§ Exercise prompt:
When you reproduce the data, keep every word exactly as it stands and leave the pictures out.

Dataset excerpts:
····················

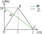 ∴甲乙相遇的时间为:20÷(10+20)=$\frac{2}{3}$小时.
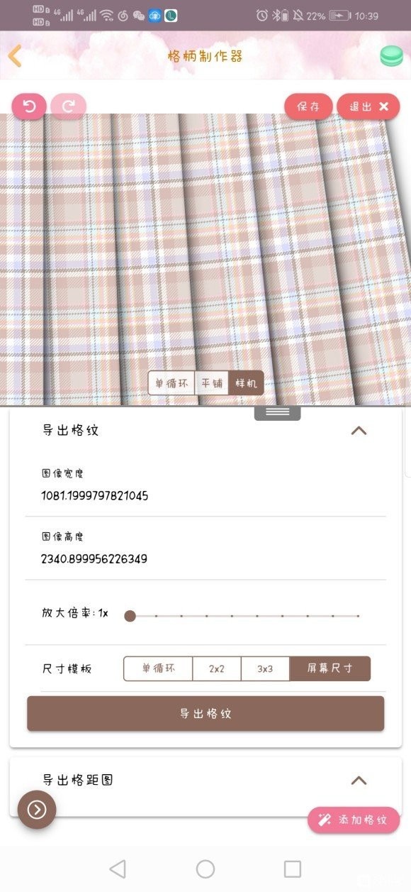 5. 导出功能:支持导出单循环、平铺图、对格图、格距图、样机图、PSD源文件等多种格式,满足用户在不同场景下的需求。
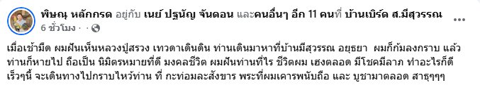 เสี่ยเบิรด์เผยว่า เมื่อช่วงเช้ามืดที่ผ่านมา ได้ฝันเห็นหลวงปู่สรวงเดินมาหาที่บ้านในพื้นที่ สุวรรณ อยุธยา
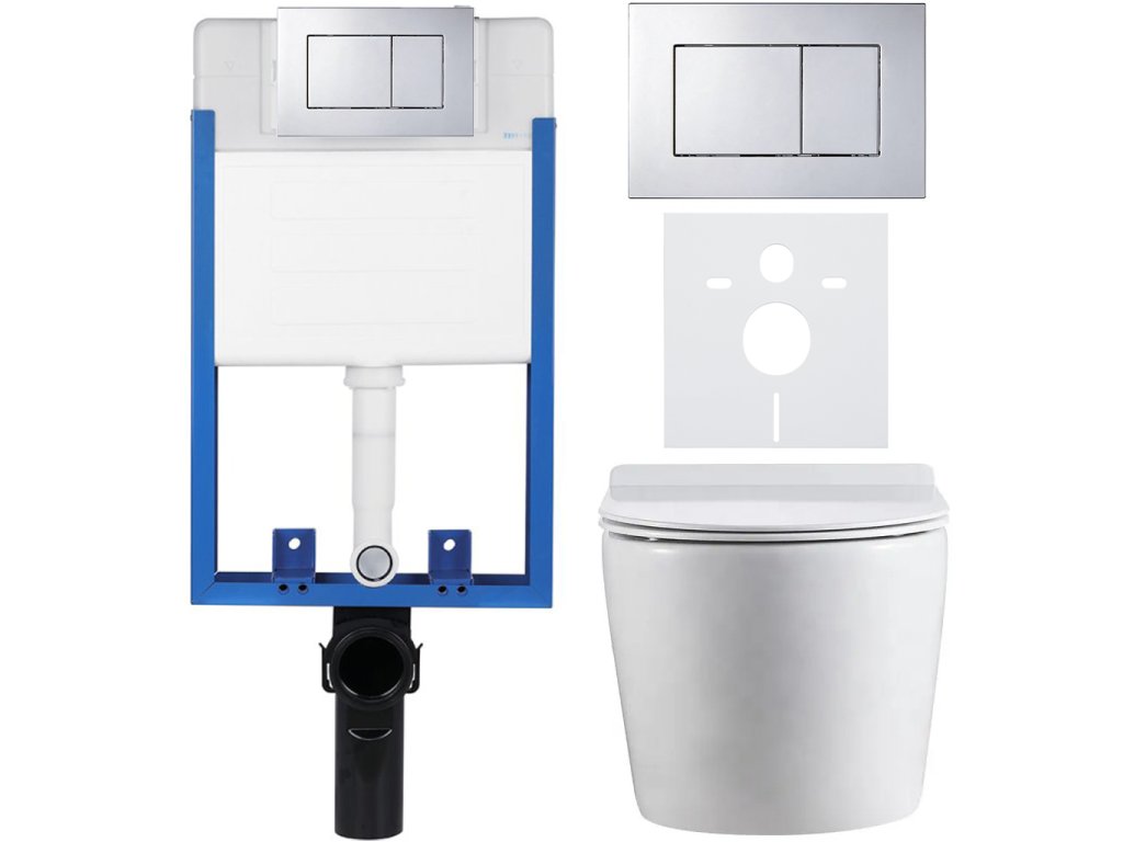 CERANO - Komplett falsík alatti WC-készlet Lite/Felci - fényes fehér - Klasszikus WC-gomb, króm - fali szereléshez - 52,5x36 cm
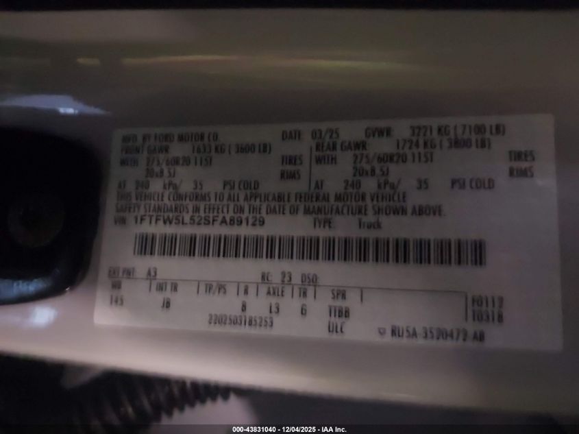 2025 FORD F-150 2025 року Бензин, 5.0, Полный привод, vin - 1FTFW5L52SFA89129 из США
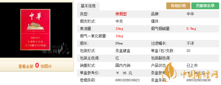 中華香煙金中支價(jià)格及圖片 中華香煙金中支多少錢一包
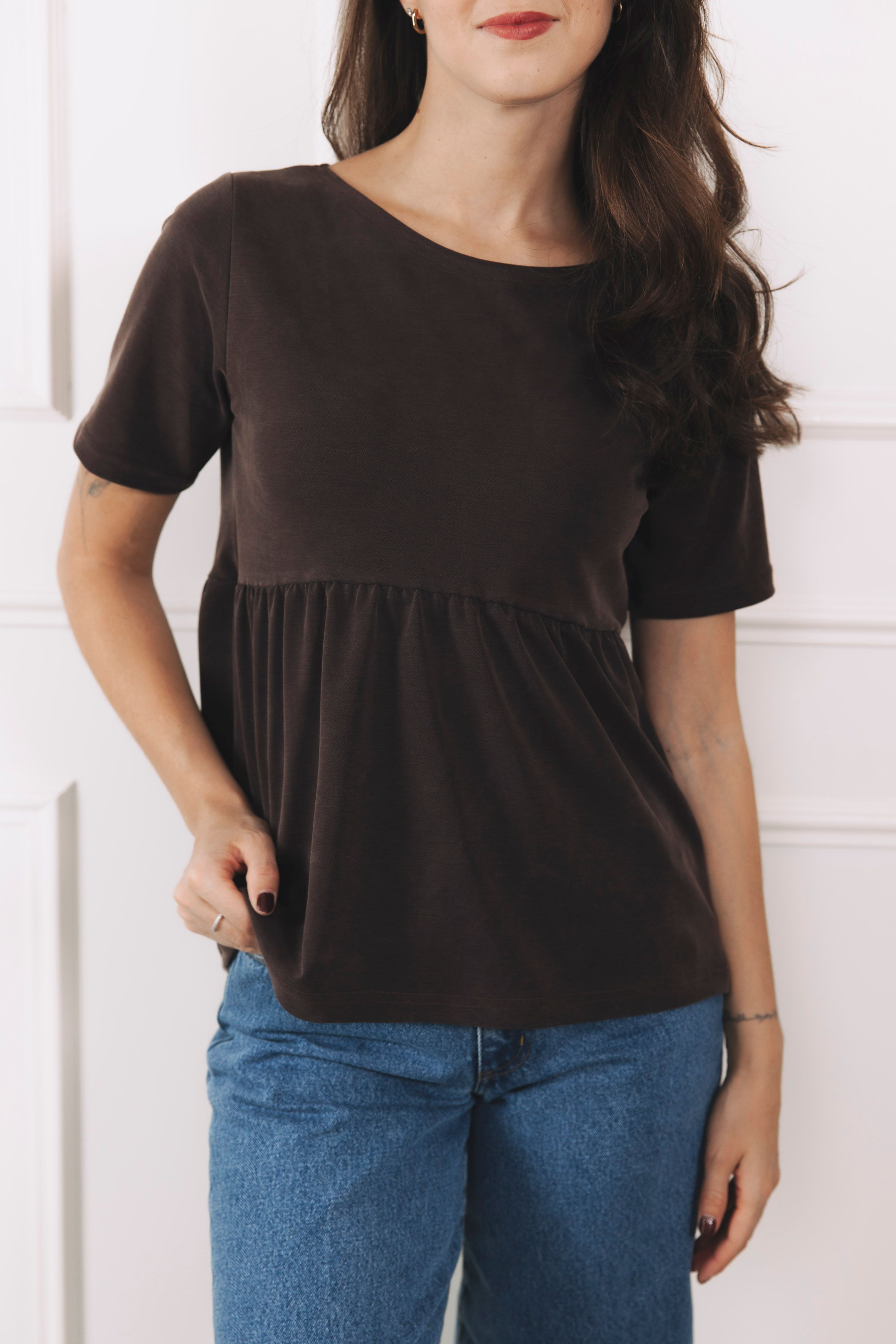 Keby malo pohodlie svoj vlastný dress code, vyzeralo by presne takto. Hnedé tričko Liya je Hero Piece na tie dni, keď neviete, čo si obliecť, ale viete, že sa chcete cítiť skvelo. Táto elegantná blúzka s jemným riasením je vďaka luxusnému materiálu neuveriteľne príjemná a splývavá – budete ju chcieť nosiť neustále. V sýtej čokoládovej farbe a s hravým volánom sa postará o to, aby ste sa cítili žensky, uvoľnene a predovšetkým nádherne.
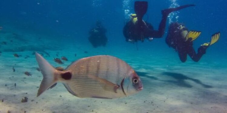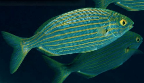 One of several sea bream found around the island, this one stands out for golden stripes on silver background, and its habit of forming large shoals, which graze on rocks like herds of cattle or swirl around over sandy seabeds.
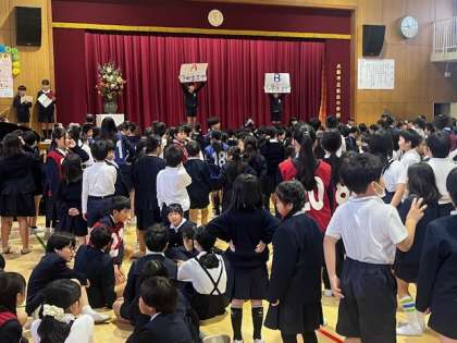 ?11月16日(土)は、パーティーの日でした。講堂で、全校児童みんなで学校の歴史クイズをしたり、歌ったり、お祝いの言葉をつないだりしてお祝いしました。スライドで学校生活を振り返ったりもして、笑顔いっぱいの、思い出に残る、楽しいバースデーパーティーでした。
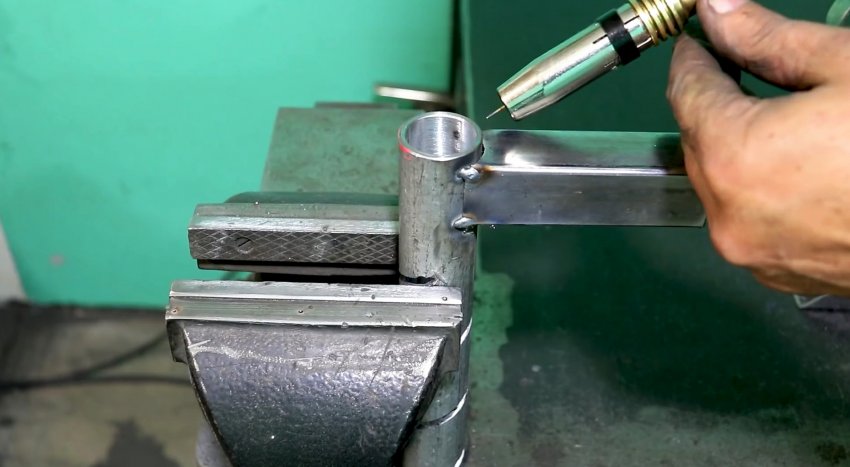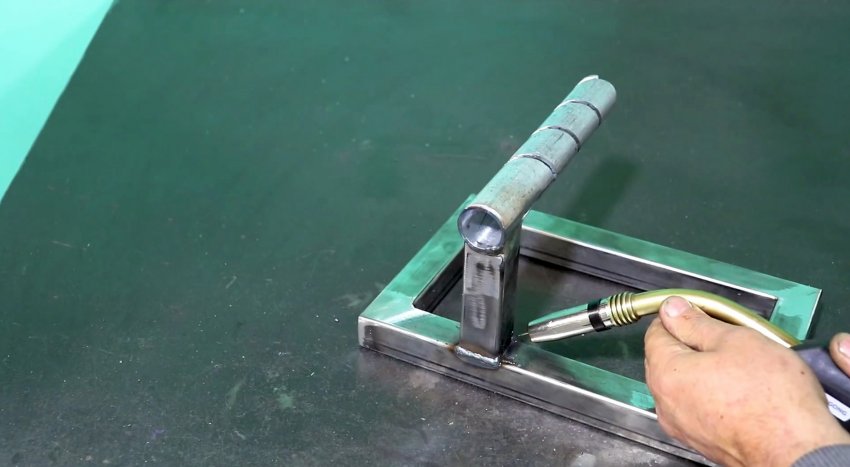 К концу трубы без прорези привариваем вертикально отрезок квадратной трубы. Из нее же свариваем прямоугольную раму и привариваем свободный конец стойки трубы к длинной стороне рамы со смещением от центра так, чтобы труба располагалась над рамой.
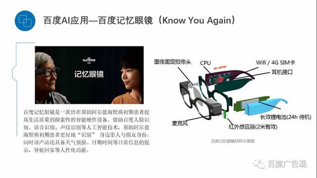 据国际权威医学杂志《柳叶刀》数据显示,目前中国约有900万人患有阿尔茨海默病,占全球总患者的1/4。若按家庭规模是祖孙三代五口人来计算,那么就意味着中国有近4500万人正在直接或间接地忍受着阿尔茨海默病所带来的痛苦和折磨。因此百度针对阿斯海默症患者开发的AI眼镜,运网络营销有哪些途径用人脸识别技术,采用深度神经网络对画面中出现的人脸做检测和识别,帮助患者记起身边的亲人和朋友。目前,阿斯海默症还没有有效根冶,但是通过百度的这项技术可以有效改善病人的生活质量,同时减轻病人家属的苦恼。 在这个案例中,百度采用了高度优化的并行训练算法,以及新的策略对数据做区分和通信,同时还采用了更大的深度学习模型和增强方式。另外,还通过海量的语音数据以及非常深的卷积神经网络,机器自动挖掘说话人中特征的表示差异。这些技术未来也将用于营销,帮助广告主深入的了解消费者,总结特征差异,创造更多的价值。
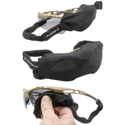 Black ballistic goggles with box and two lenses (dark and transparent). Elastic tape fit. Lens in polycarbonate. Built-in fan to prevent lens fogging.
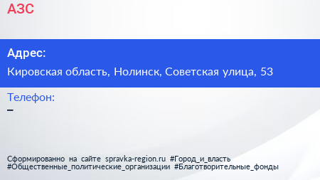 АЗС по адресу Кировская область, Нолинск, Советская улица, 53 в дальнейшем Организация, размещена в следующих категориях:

····················

§ Problem solution:
 ∴甲乙相遇的时间为:20÷(10+20)=$\frac{2}{3}$小时.
 5. 导出功能:支持导出单循环、平铺图、对格图、格距图、样机图、PSD源文件等多种格式,满足用户在不同场景下的需求。
 เสี่ยเบิรด์เผยว่า เมื่อช่วงเช้ามืดที่ผ่านมา ได้ฝันเห็นหลวงปู่สรวงเดินมาหาที่บ้านในพื้นที่ สุวรรณ อยุธยา
 CERANO - Komplett falsík alatti WC-készlet Lite/Felci - fényes fehér - Klasszikus WC-gomb, króm - fali szereléshez - 52,5x36 cm
 2025 FORD F-150 2025 року Бензин, 5.0, Полный привод, vin - 1FTFW5L52SFA89129 из США
 中華香煙金中支價(jià)格及圖片 中華香煙金中支多少錢一包
 Keby malo pohodlie svoj vlastný dress code, vyzeralo by presne takto. Hnedé tričko Liya je Hero Piece na tie dni, keď neviete, čo si obliecť, ale viete, že sa chcete cítiť skvelo. Táto elegantná blúzka s jemným riasením je vďaka luxusnému materiálu neuveriteľne príjemná a splývavá – budete ju chcieť nosiť neustále. V sýtej čokoládovej farbe a s hravým volánom sa postará o to, aby ste sa cítili žensky, uvoľnene a predovšetkým nádherne.
 One of several sea bream found around the island, this one stands out for golden stripes on silver background, and its habit of forming large shoals, which graze on rocks like herds of cattle or swirl around over sandy seabeds.
 ?11月16日(土)は、パーティーの日でした。講堂で、全校児童みんなで学校の歴史クイズをしたり、歌ったり、お祝いの言葉をつないだりしてお祝いしました。スライドで学校生活を振り返ったりもして、笑顔いっぱいの、思い出に残る、楽しいバースデーパーティーでした。
 К концу трубы без прорези привариваем вертикально отрезок квадратной трубы. Из нее же свариваем прямоугольную раму и привариваем свободный конец стойки трубы к длинной стороне рамы со смещением от центра так, чтобы труба располагалась над рамой.
 据国际权威医学杂志《柳叶刀》数据显示,目前中国约有900万人患有阿尔茨海默病,占全球总患者的1/4。若按家庭规模是祖孙三代五口人来计算,那么就意味着中国有近4500万人正在直接或间接地忍受着阿尔茨海默病所带来的痛苦和折磨。因此百度针对阿斯海默症患者开发的AI眼镜,运网络营销有哪些途径用人脸识别技术,采用深度神经网络对画面中出现的人脸做检测和识别,帮助患者记起身边的亲人和朋友。目前,阿斯海默症还没有有效根冶,但是通过百度的这项技术可以有效改善病人的生活质量,同时减轻病人家属的苦恼。 在这个案例中,百度采用了高度优化的并行训练算法,以及新的策略对数据做区分和通信,同时还采用了更大的深度学习模型和增强方式。另外,还通过海量的语音数据以及非常深的卷积神经网络,机器自动挖掘说话人中特征的表示差异。这些技术未来也将用于营销,帮助广告主深入的了解消费者,总结特征差异,创造更多的价值。
 Black ballistic goggles with box and two lenses (dark and transparent). Elastic tape fit. Lens in polycarbonate. Built-in fan to prevent lens fogging.
 АЗС по адресу Кировская область, Нолинск, Советская улица, 53 в дальнейшем Организация, размещена в следующих категориях:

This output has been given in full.